5 декабря, понедельник

   Четыре часа дня. Аришка вернулась из парикмахерской и сидит у нас в кабинете, обложившись тональными кремами, пудрой, карандашами, румянами, помадой, тенями, тушью, тысячей ваток, тампонов и аппликаторов. Сейчас она накрасится и станет разбираться в путанице подводок, устных и анонсов, потом наденет пиджак и пойдет в студию – вести городские новости. Ее лицо несчастно.
   – Ты чего такая? – спрашивает ее Лиза.
   – Устала, Лиз. Просто сил нет. Вдвоем с Малышевой ведем, получается неделя через неделю – график жуткий, сама бы попробовала. А у меня еще новости на радио по утрам. Кошмар!
   Аришка промахивается карандашом мимо глаза и начинает ожесточенно стирать неровную черту ватным тампоном.
   – Зато денег больше… – Для Лизы это вопрос насущный, потому что она одна снимает квартиру.
   – Я бы их отдала. С радостью бы отдала. – Аришка снова начинает красить тот же глаз. – Хожу к Виталю, говорю: посадите на эфир Надьку или Аню! Ни в какую. Я говорю: они уже вели на заменах, получалось нормально! А он – нет. Кто-то, видно, ему капает. Кто-то не хочет. – Кто? – спрашиваю я.

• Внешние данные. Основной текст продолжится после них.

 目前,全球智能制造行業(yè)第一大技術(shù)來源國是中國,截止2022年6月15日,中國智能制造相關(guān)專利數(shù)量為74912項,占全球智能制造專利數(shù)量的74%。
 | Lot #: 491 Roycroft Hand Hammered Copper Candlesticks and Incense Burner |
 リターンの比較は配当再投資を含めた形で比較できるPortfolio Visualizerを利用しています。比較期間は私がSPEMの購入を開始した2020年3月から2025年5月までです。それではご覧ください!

   – Не знаю, – вздыхает Арина, – знала бы – убила.
   – Леш! – кричит она вдруг в монтажку. – Ты меня сегодня дождешься?

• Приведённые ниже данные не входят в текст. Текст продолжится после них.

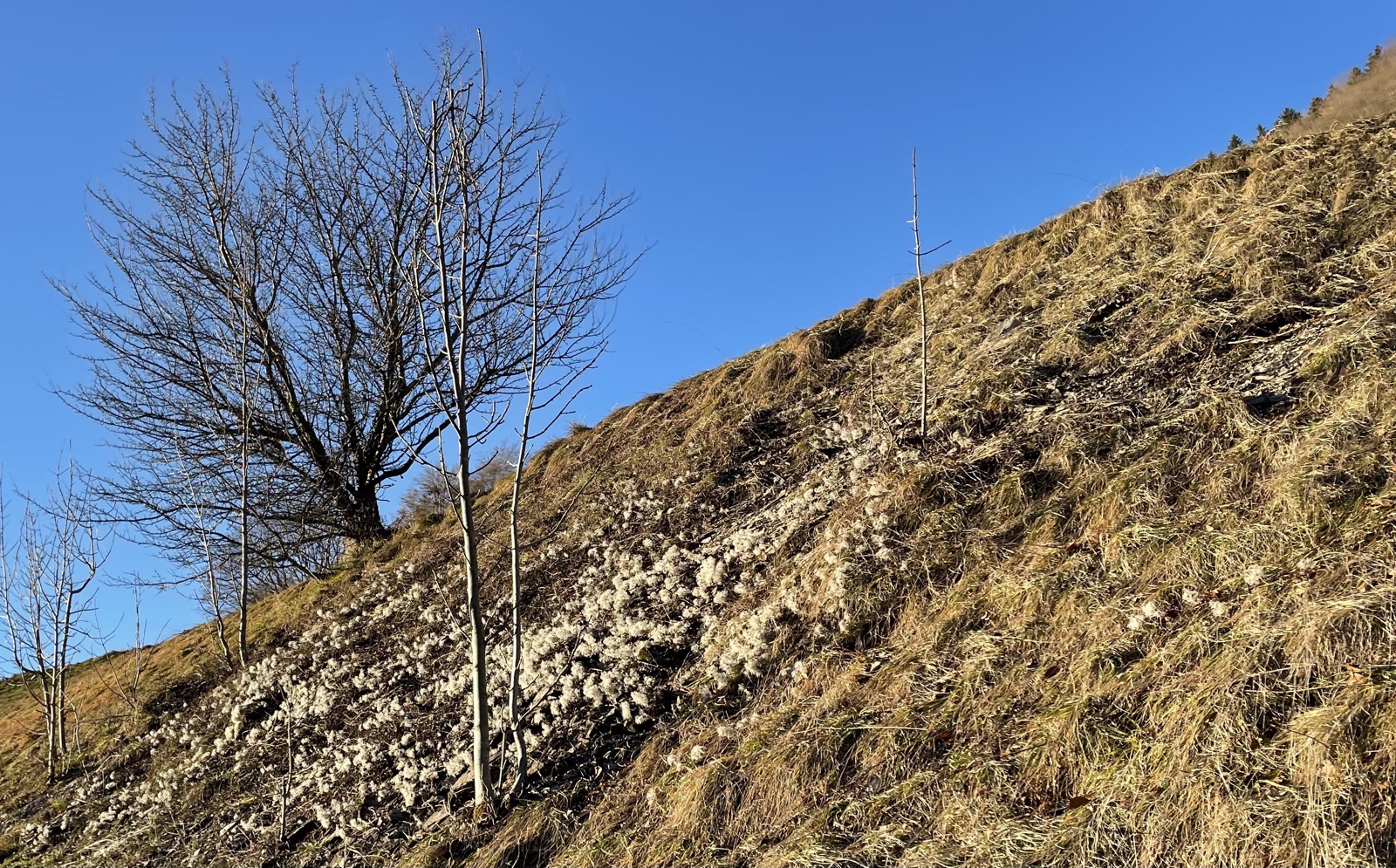 Herrlich — die gemütlich langsame Bergfahrt bereitet mir grosse Freude. Immer wieder muss ich kurz anhalten um die Winterpflanzen zu bestaunen,

   Леха с Ариной живут в соседних дворах, и он часто ее подвозит.
   – Дождусь. – Леха на табурете подъезжает к дверям и выглядывает к нам в кабинет. – А что?

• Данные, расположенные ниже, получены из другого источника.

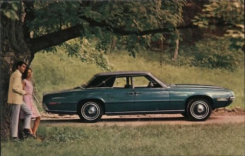 Coches Ford Thunderbird 1968, cuatro puertas Landau cromo original postal vintage

   – Да мой этот… родной придурок опять звонил.
   – И что опять?
   – Опять говорил, что любит. Обещал после эфира ждать у подъезда с букетом цветов. Ой, девчонки, вы бы знали, как я его боюсь!
   – Почему? – спрашиваю я.
   – Оксан, он противный такой. А главное, видно, что больной: глазки бегают, и кончик носа все время шевелится. Я не вру – правда, шевелится.
   – Сказала бы мужу…
   – Да ну его. – Аришка машет на меня пушистой кистью для румян, и невесомая косметическая пыль летит от нее во все стороны. – Леш, не уезжай без меня, ладно? А то я от страха умру.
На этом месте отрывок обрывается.